The weighting may also take into account additional objective functions such as cost of installation for each candidate location and/or TOTEX (total expenditure) cost related indicators, etc.

In a preferred approach, the Pareto efficient solution is obtained solving a series of single- objective mixed integer non-linear programs. It has been found that this approach can offer a computationally efficient technique to obtain Pareto efficient solutions to the multi- objective problem associated with both average zone pressure (AZP) and pressure variability (PVZ).

Preferably, the function of average pressure within the zone is formulated as a weighted sum of nodal pressures within the zone, where weights represent the lengths of conduit connected to corresponding nodes. This function allows ready computation of the average zone pressure and may enable ready monitoring of such pressures using sensors placed at one or more nodes.

In some preferred embodiments, the Pareto efficient solutions are obtained using evolutionary approaches based on genetic algorithms (GA).

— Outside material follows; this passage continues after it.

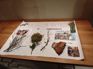 Workshopen innehöll flera övningar, där deltagarna bl.a. fick diskutera varför de är medlemmar och engagerade i Naturskyddsföreningen. I slutet av workshopen skapade alla en gemensam affisch i grupper, alla verk visades sedan upp i en gemensam vernissage.

Results from GA can, for example, be used to compute good initial conditions for the preferred mathematical methods. It can also be appreciated that the invention can be implemented using computer program code. Indeed, according to a further aspect there is therefore provided a computer program product comprising computer executable instructions for carrying out the method of the first aspect. The computer program product may be a physical storage medium such as a Read Only Memory (ROM) chip. Alternatively, it may be a disk such as a Digital Versatile Disk (DVD-ROM) or Compact Disk (CD-ROM). It could also be a signal such as an electronic signal over wires, an optical signal or a radio signal such as to a satellite or the like. The invention also extends to a processor running the software or code, e.g. a computer or a distributed low power embedded systems configured to carry out the method described above.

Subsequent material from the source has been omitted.